> **Directions**
Within the records that follow, restate exactly the lines from the line with "Якщо відома загальна" down to the line with "此外,武汉市文明办会同有关部", including both. Omit the pictures.

> **Given data**
-------------------------

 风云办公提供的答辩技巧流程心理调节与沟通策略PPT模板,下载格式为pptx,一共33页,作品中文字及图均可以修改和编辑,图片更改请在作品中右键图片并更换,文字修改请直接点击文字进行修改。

-------------------------

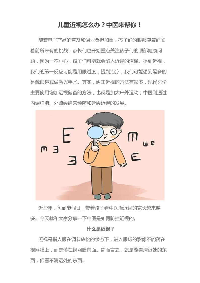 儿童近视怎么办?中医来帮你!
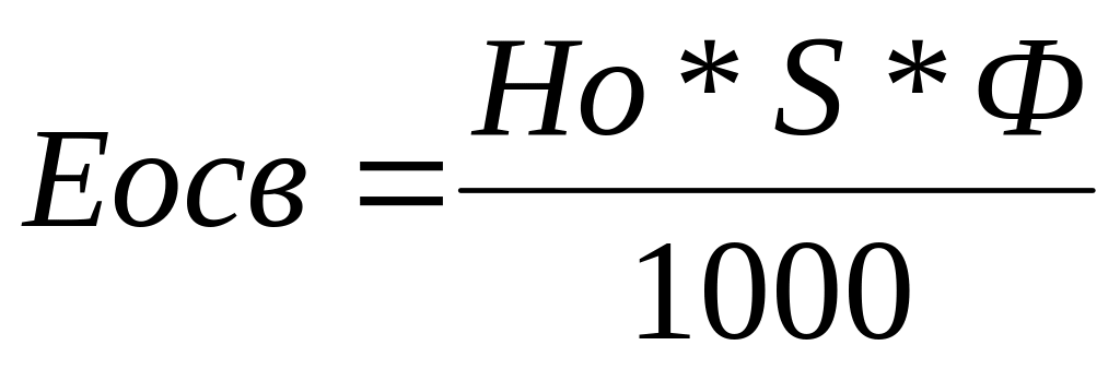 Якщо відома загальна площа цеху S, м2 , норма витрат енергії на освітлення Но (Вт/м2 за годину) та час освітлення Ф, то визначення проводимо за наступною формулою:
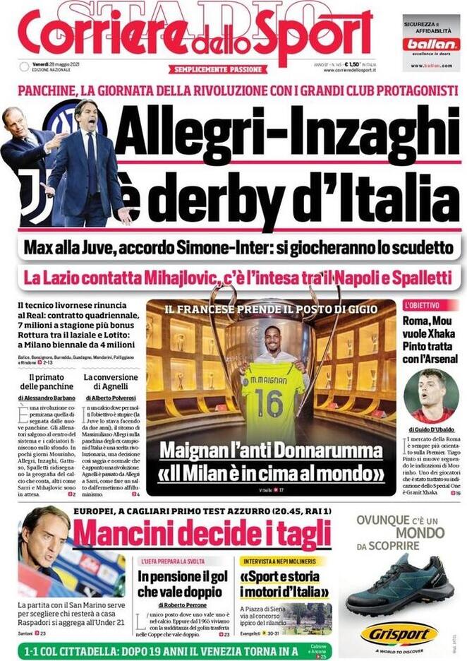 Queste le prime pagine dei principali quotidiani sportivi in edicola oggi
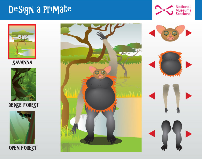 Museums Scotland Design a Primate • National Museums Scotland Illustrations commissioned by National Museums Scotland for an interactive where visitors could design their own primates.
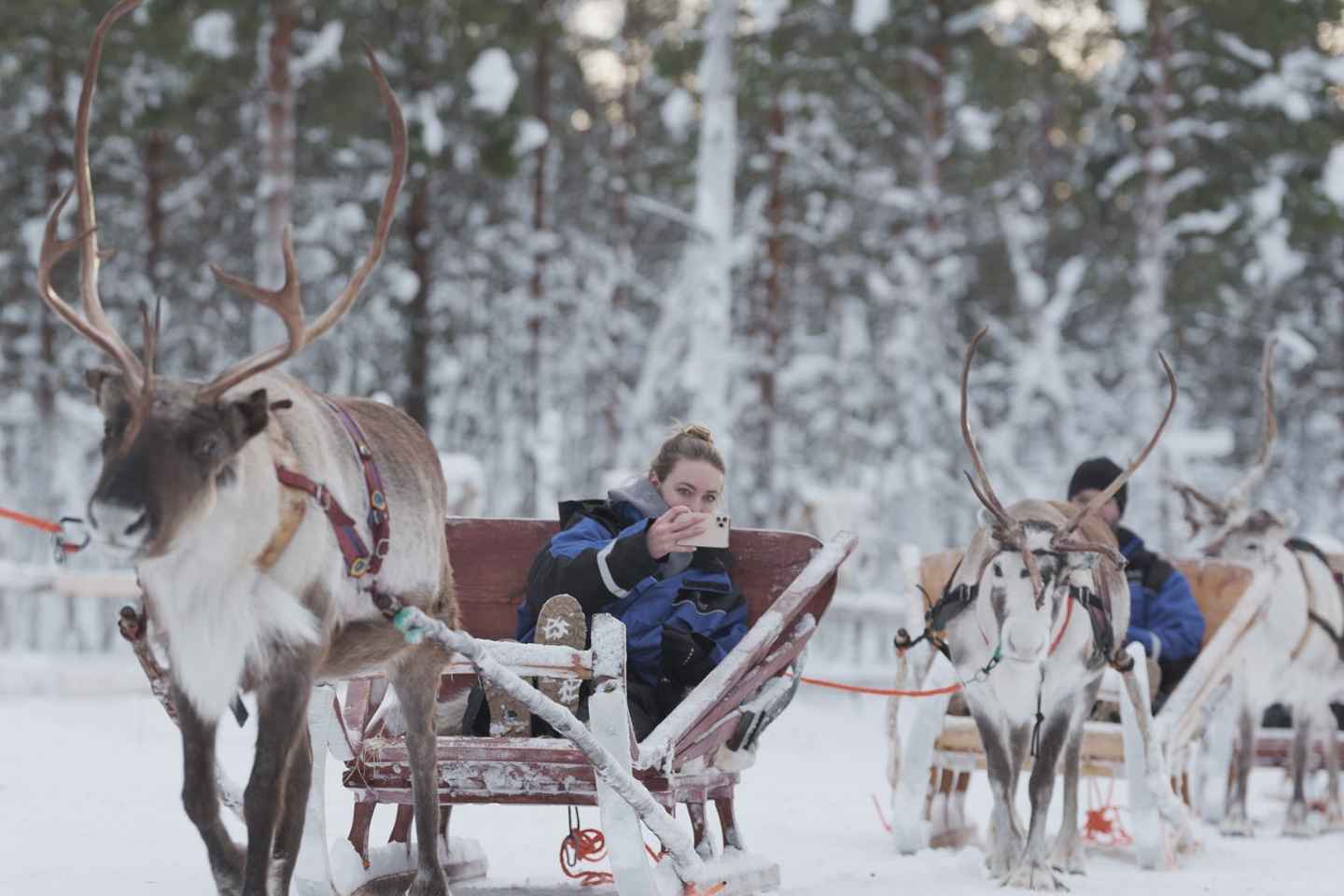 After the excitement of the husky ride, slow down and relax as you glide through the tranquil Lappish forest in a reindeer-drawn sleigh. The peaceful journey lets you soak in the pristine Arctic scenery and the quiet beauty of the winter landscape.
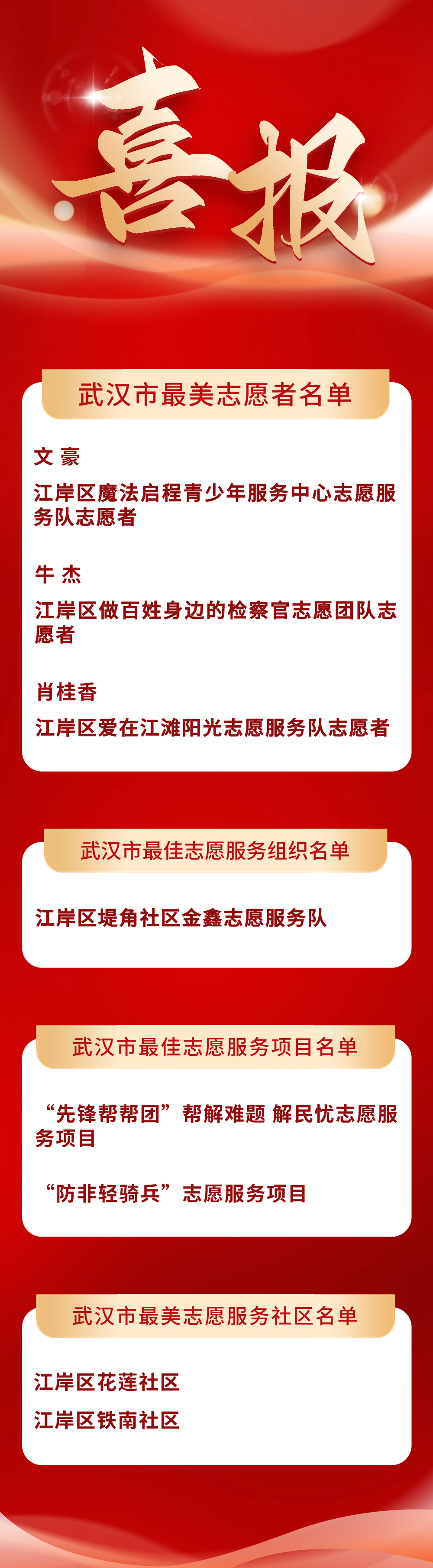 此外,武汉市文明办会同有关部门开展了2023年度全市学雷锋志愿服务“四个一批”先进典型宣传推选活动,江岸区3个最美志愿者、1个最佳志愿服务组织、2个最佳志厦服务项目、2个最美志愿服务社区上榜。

-------------------------

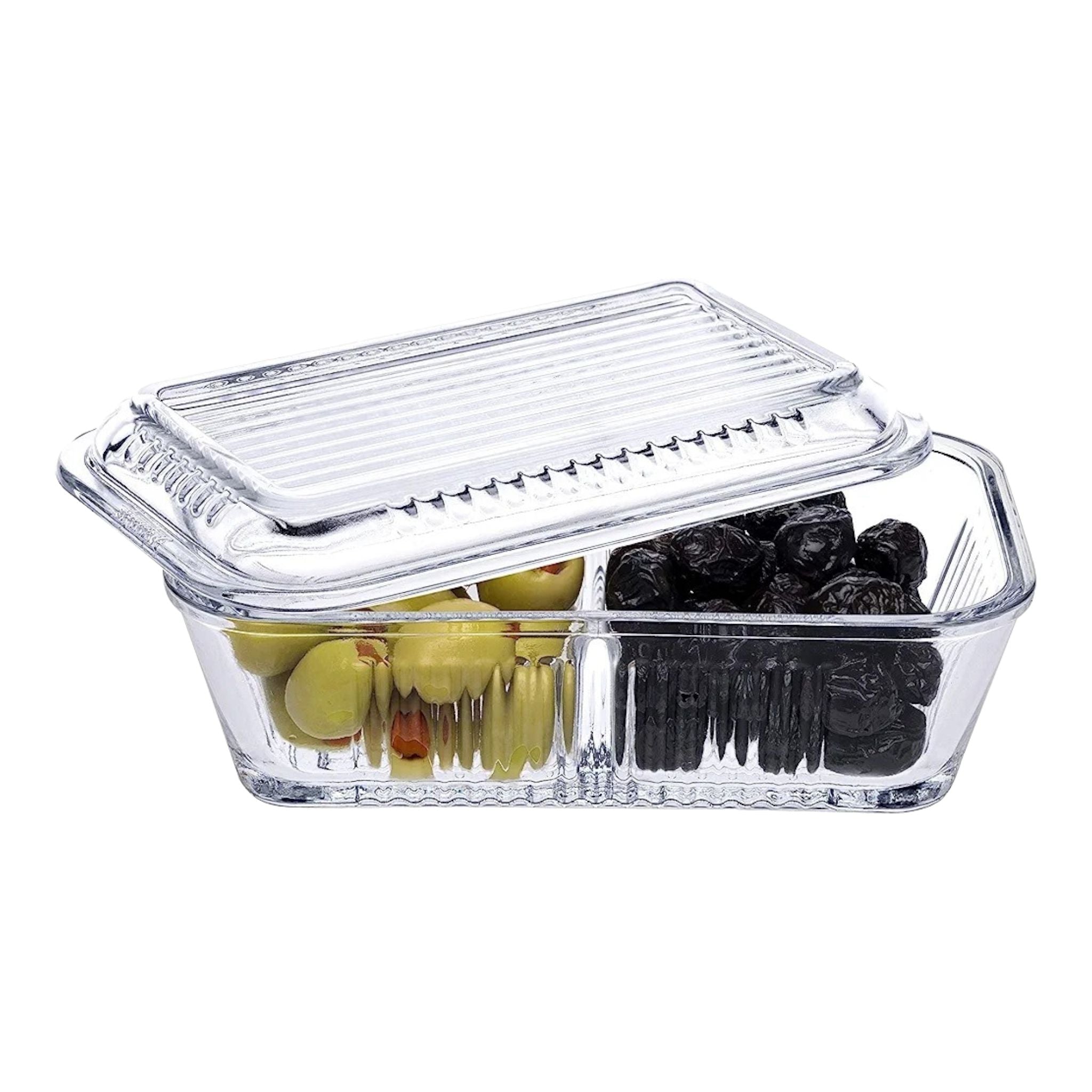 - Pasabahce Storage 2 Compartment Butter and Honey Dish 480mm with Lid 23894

-------------------------

> **Result of this task**
 Якщо відома загальна площа цеху S, м2 , норма витрат енергії на освітлення Но (Вт/м2 за годину) та час освітлення Ф, то визначення проводимо за наступною формулою:
 Queste le prime pagine dei principali quotidiani sportivi in edicola oggi
 Museums Scotland Design a Primate • National Museums Scotland Illustrations commissioned by National Museums Scotland for an interactive where visitors could design their own primates.
 After the excitement of the husky ride, slow down and relax as you glide through the tranquil Lappish forest in a reindeer-drawn sleigh. The peaceful journey lets you soak in the pristine Arctic scenery and the quiet beauty of the winter landscape.
 此外,武汉市文明办会同有关部门开展了2023年度全市学雷锋志愿服务“四个一批”先进典型宣传推选活动,江岸区3个最美志愿者、1个最佳志愿服务组织、2个最佳志厦服务项目、2个最美志愿服务社区上榜。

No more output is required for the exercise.